Although the data below holds other lines too, output only those from the line with "Burkolólapszintező ék sárga" up to and including the line with "Set within approximately", exactly as they appear.

**Source data:**
§ §

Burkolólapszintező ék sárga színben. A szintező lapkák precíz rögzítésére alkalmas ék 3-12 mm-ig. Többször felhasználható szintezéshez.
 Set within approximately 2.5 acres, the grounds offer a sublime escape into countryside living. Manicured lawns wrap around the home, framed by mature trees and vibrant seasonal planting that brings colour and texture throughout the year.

§ §

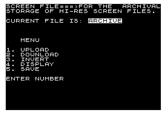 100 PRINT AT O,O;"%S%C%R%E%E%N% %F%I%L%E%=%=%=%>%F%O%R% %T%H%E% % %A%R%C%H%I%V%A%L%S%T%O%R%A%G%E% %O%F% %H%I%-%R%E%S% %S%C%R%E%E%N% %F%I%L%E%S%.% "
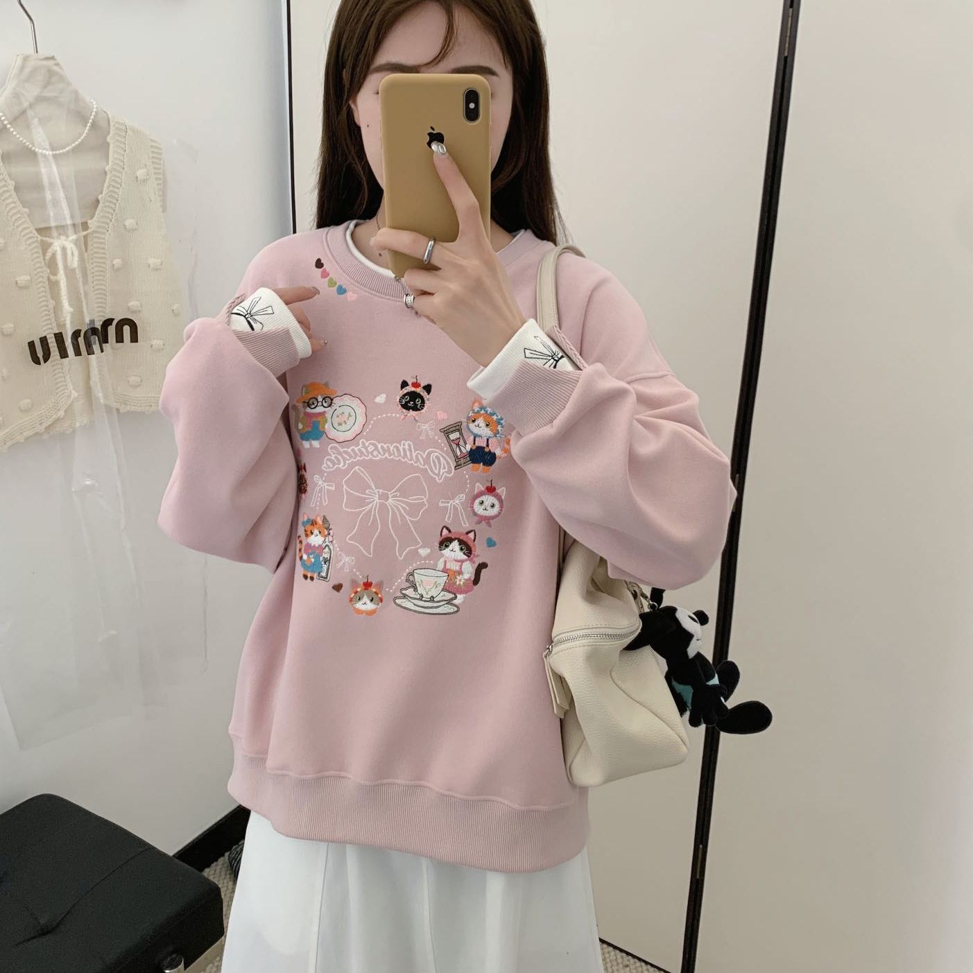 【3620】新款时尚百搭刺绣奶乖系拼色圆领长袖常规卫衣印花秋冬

§ §

**Result:**
Burkolólapszintező ék sárga színben. A szintező lapkák precíz rögzítésére alkalmas ék 3-12 mm-ig. Többször felhasználható szintezéshez.
 Set within approximately 2.5 acres, the grounds offer a sublime escape into countryside living. Manicured lawns wrap around the home, framed by mature trees and vibrant seasonal planting that brings colour and texture throughout the year.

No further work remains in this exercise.